Iluvien is a brand name of fluocinolone ophthalmic, approved by the FDA in the following formulation(s):

ILUVIEN (fluocinolone acetonide - implant;intravitreal)

  • Manufacturer: ALIMERA SCIENCES INC
    Approval date: September 26, 2014
    Strength(s): 0.19MG [RLD]

Has a generic version of Iluvien been approved?

No. There is currently no therapeutically equivalent version of Iluvien available in the United States.

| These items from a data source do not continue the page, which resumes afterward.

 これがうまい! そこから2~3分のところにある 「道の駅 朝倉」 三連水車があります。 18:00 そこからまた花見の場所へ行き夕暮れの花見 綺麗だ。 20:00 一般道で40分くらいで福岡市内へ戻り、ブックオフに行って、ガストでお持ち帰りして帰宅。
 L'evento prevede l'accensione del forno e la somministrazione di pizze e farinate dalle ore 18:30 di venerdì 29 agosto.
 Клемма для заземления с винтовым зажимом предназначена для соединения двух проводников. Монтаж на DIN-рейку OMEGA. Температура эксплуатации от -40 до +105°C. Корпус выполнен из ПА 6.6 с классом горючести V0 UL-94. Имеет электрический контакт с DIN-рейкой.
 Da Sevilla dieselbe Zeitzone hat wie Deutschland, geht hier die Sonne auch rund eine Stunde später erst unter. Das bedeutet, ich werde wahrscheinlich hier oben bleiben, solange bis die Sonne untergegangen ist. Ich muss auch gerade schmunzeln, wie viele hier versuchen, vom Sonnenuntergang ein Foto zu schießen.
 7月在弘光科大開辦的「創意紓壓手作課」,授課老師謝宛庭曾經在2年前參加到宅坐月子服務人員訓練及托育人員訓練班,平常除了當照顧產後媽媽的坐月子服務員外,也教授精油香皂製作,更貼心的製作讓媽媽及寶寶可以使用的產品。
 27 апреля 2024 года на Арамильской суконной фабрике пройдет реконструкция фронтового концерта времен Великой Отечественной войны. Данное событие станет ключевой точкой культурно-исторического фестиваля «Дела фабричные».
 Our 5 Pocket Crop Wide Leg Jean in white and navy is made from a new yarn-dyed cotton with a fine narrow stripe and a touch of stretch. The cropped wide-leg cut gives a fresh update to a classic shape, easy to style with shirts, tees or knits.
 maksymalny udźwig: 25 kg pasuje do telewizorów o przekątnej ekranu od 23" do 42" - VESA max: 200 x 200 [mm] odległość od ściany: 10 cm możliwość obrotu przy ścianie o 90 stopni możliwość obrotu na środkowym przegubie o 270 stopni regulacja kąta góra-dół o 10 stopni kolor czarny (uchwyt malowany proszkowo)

Note: Fraudulent online pharmacies may attempt to sell an illegal generic version of Iluvien. These medications may be counterfeit and potentially unsafe. If you purchase medications online, be sure you are buying from a reputable and valid online pharmacy. Ask your health care provider for advice if you are unsure about the online purchase of any medication.

See also: About generic drugs.

Related Patents

Patents are granted by the U.S. Patent and Trademark Office at any time during a drug's development and may include a wide range of claims.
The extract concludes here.